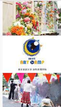
11月19日 (水) 造形表現学科 2025アートキャンプ動画公開
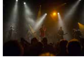
Victoire 2

Domaine du Mas de Grille 2, rue Théophraste Renaudot - Saint Jean de Védas Tramway ligne 2 station Victoire 2

**Goal of the exercise:** Where does the word "Victoire" appear in the material above? Copy every line that holds it.

**Answer to the exercise:**
Victoire 2
Domaine du Mas de Grille 2, rue Théophraste Renaudot - Saint Jean de Védas Tramway ligne 2 station Victoire 2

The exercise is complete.